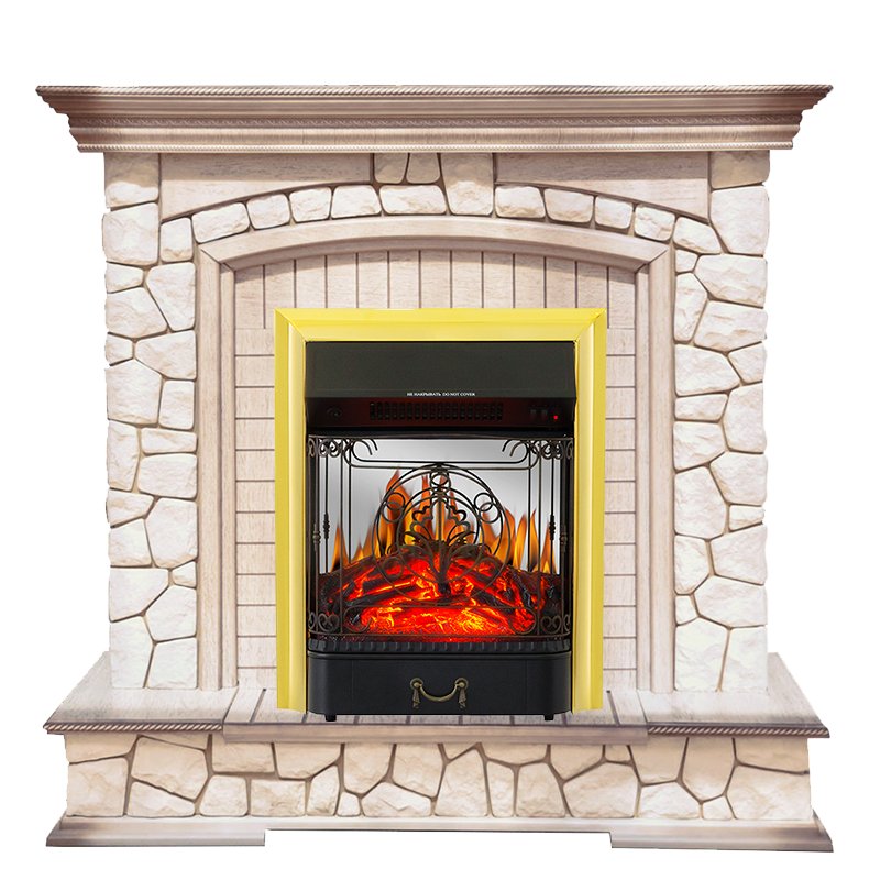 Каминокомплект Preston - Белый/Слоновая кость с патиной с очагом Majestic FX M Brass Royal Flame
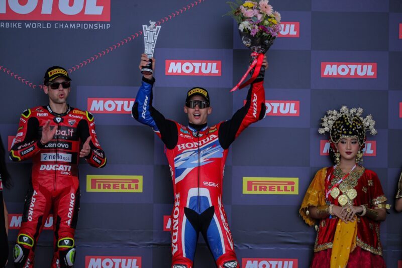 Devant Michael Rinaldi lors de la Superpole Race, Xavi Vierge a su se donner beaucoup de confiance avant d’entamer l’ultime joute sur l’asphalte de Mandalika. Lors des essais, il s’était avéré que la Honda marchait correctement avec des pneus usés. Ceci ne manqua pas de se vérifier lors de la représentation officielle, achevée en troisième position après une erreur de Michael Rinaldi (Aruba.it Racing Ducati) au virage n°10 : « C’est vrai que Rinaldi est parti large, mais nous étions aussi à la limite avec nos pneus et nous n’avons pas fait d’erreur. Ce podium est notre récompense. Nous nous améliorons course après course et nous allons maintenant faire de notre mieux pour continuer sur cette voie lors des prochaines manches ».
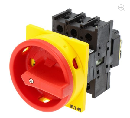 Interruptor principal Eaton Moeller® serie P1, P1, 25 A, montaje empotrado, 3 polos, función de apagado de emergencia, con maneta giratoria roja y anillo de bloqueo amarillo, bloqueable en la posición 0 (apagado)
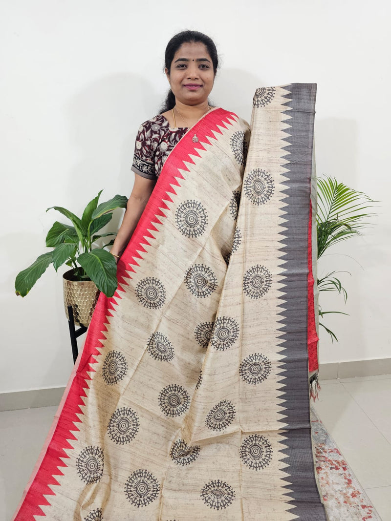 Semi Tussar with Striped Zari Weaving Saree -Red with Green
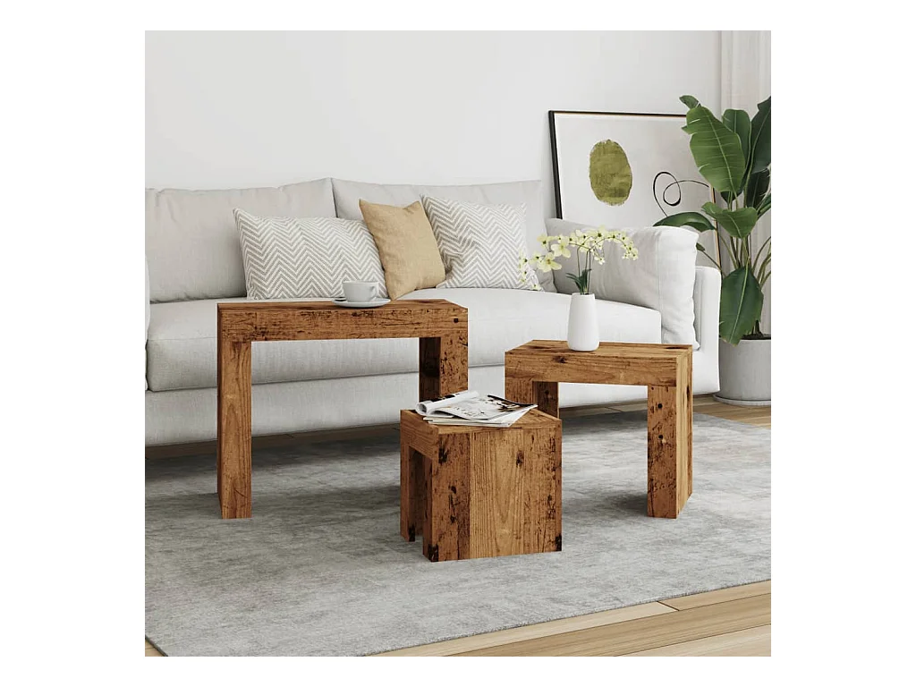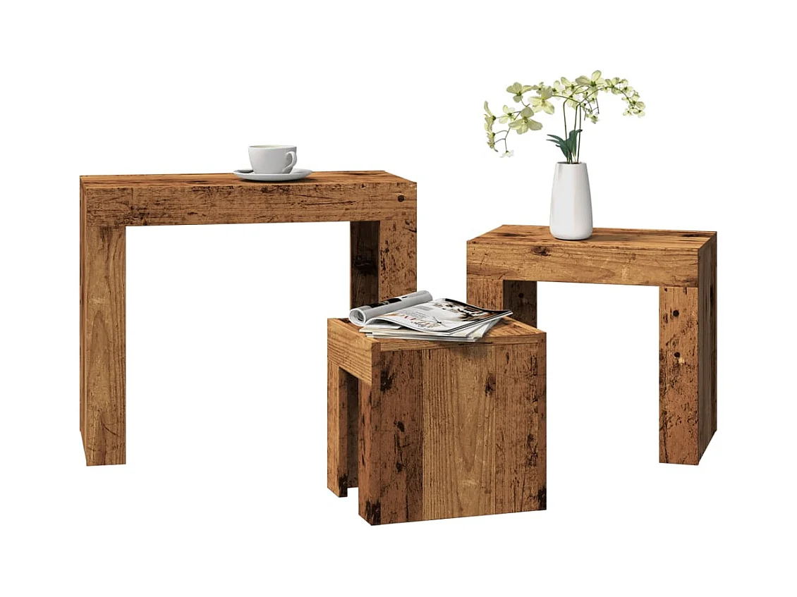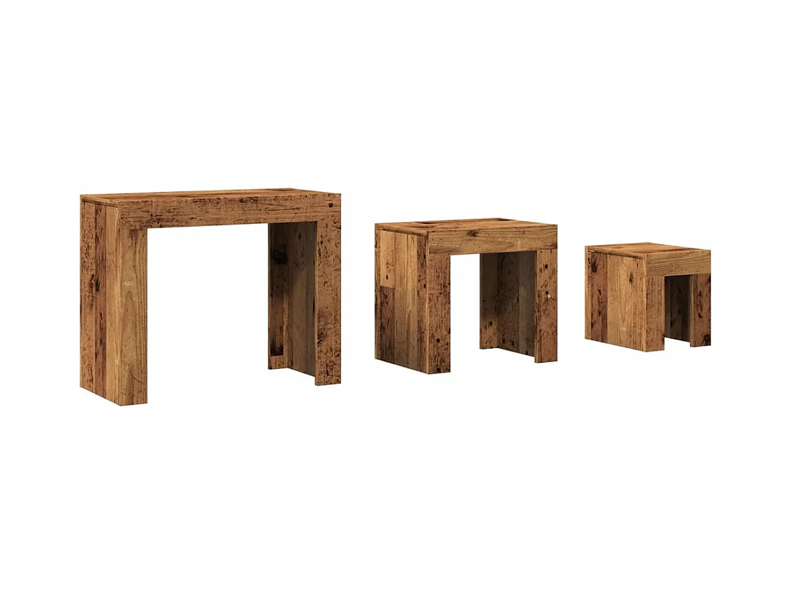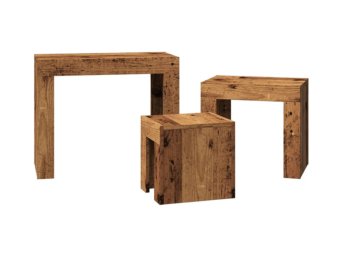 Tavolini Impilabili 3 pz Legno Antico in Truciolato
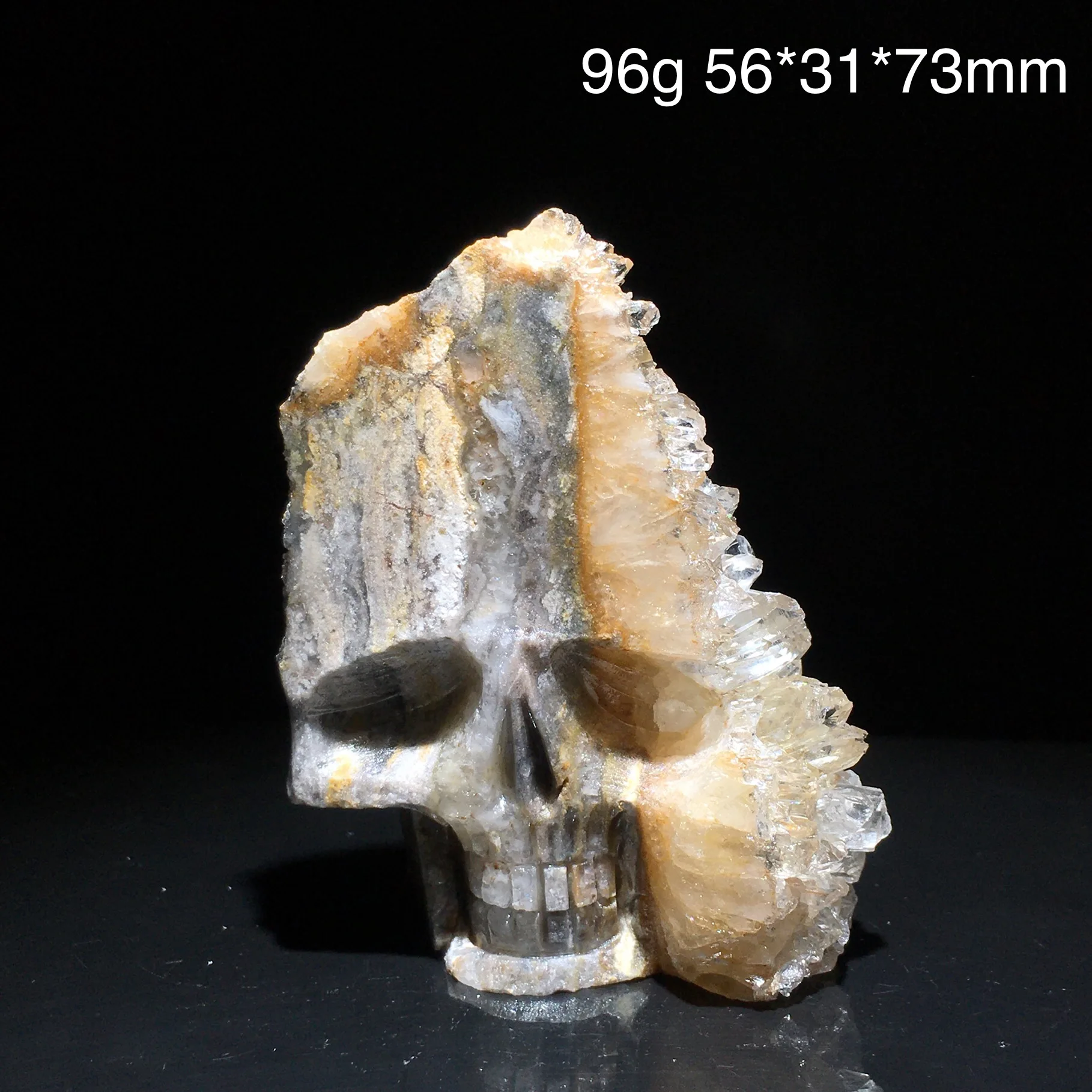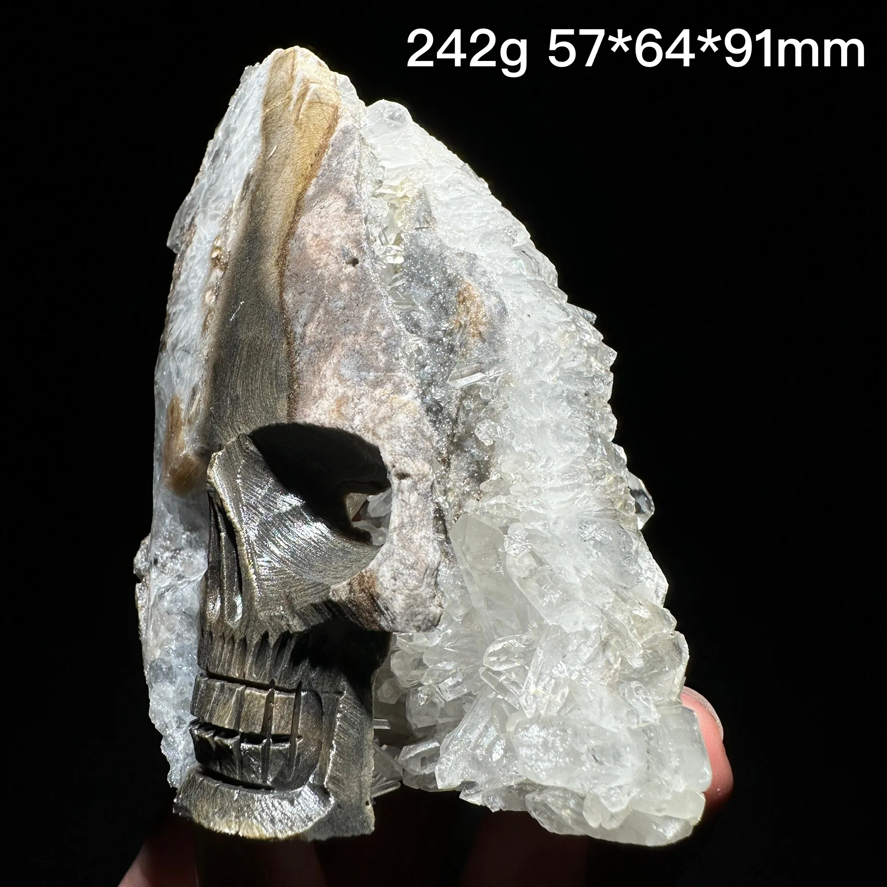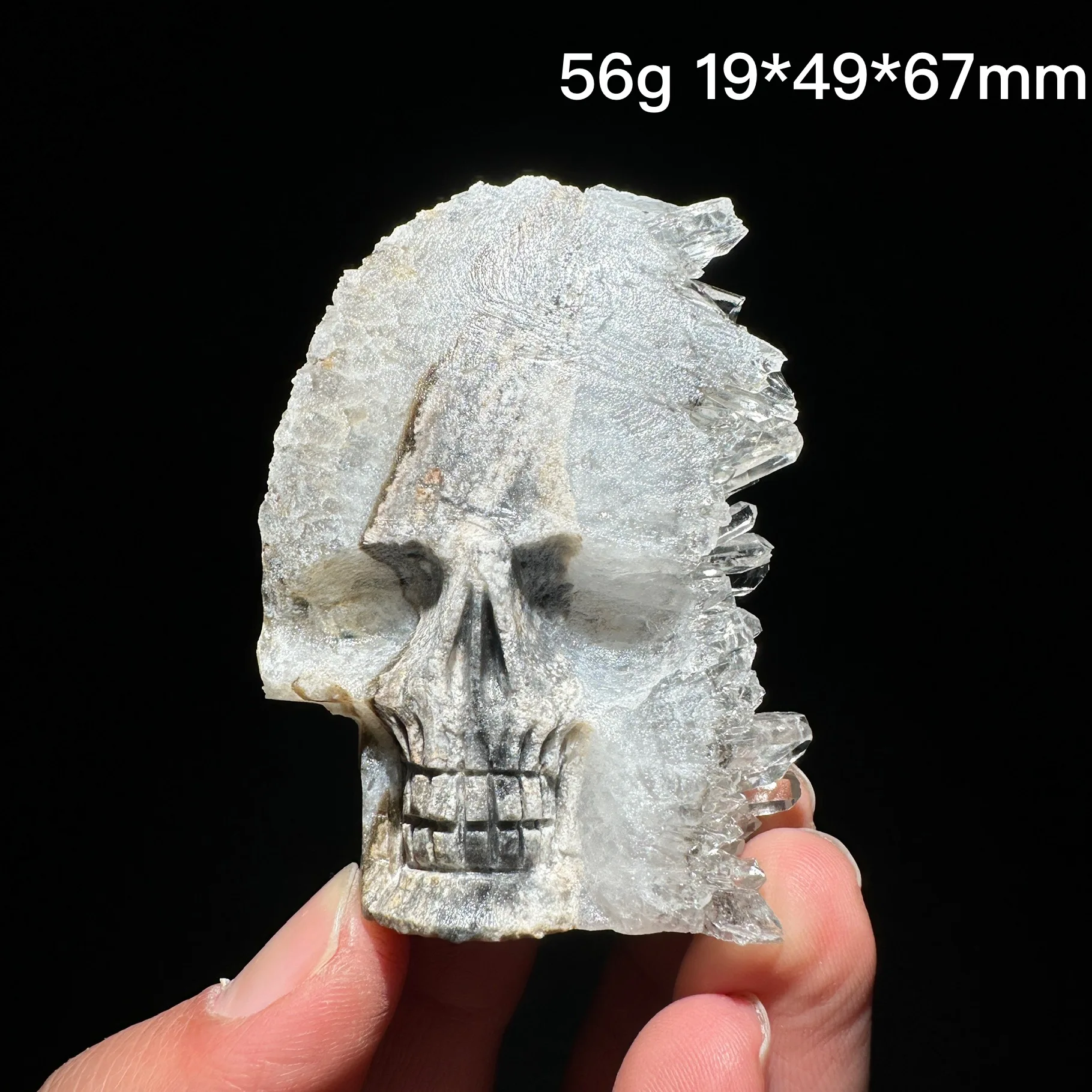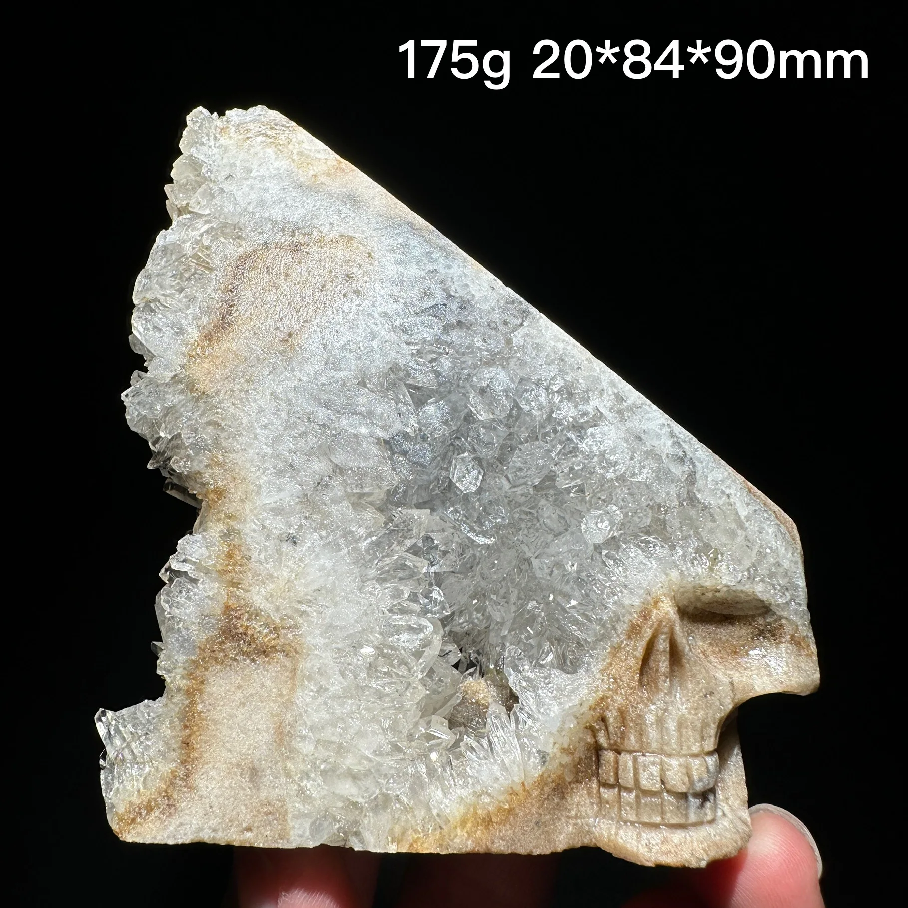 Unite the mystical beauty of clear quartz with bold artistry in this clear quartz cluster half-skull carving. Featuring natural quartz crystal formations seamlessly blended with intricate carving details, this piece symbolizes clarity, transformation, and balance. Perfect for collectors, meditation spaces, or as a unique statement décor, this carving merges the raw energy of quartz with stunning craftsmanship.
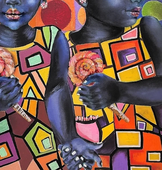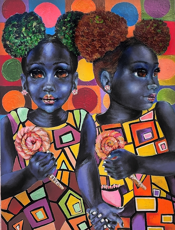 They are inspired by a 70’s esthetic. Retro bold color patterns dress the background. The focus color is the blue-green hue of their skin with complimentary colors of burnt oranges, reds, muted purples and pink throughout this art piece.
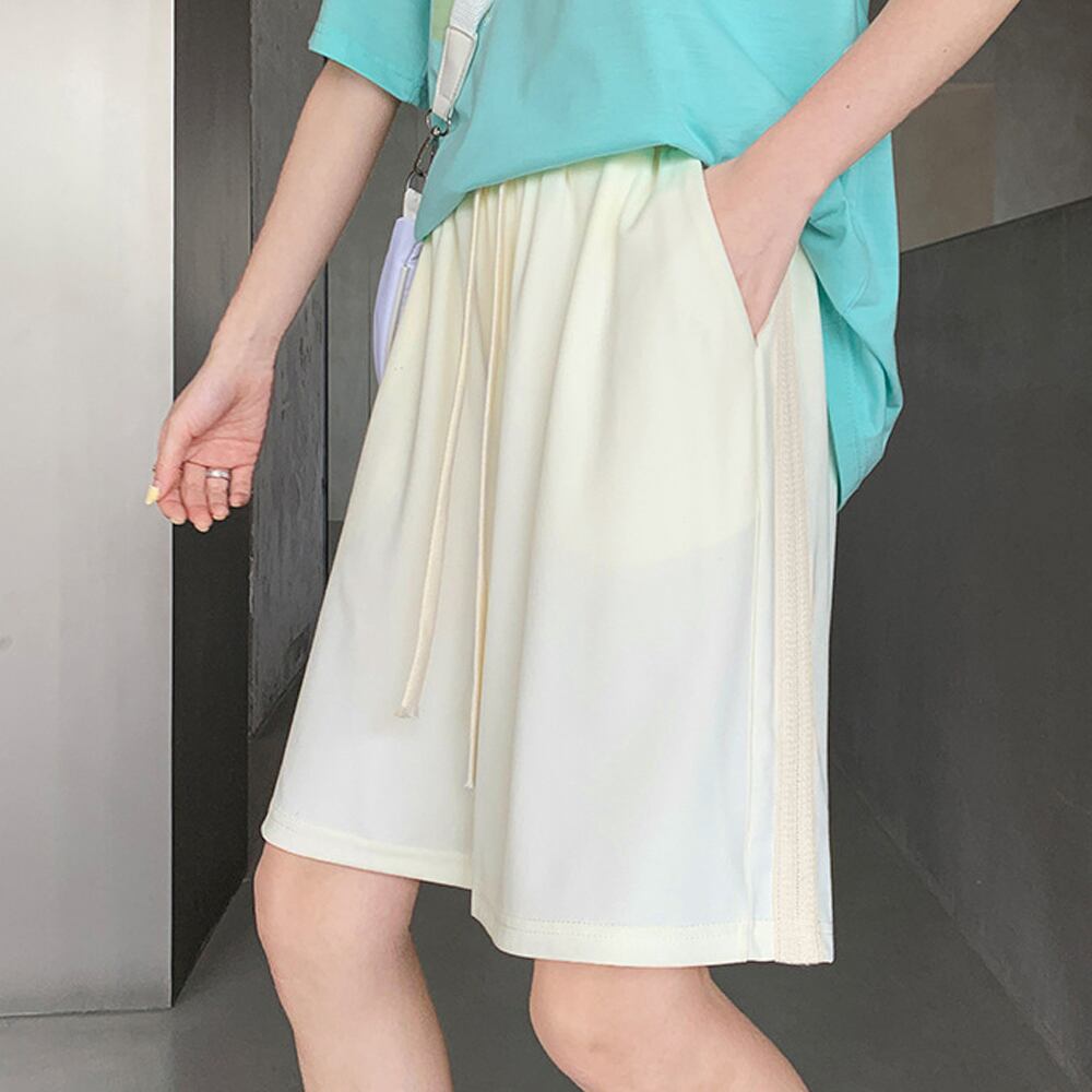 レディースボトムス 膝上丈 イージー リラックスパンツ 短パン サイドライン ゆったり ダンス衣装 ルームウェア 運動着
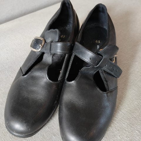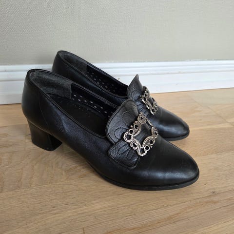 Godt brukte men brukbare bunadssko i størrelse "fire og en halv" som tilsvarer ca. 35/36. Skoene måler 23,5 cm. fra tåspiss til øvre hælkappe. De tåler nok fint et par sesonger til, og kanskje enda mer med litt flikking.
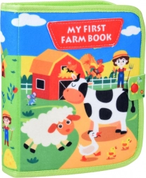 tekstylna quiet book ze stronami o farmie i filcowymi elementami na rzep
——————————
» **YOUR TASK**: Above are records; write out the lines from the one with "They are inspired" down to the one with "Godt brukte men", exactly, leaving the pictures out.

» **FINAL ANSWER**:
 They are inspired by a 70’s esthetic. Retro bold color patterns dress the background. The focus color is the blue-green hue of their skin with complimentary colors of burnt oranges, reds, muted purples and pink throughout this art piece.
 レディースボトムス 膝上丈 イージー リラックスパンツ 短パン サイドライン ゆったり ダンス衣装 ルームウェア 運動着
 Godt brukte men brukbare bunadssko i størrelse "fire og en halv" som tilsvarer ca. 35/36. Skoene måler 23,5 cm. fra tåspiss til øvre hælkappe. De tåler nok fint et par sesonger til, og kanskje enda mer med litt flikking.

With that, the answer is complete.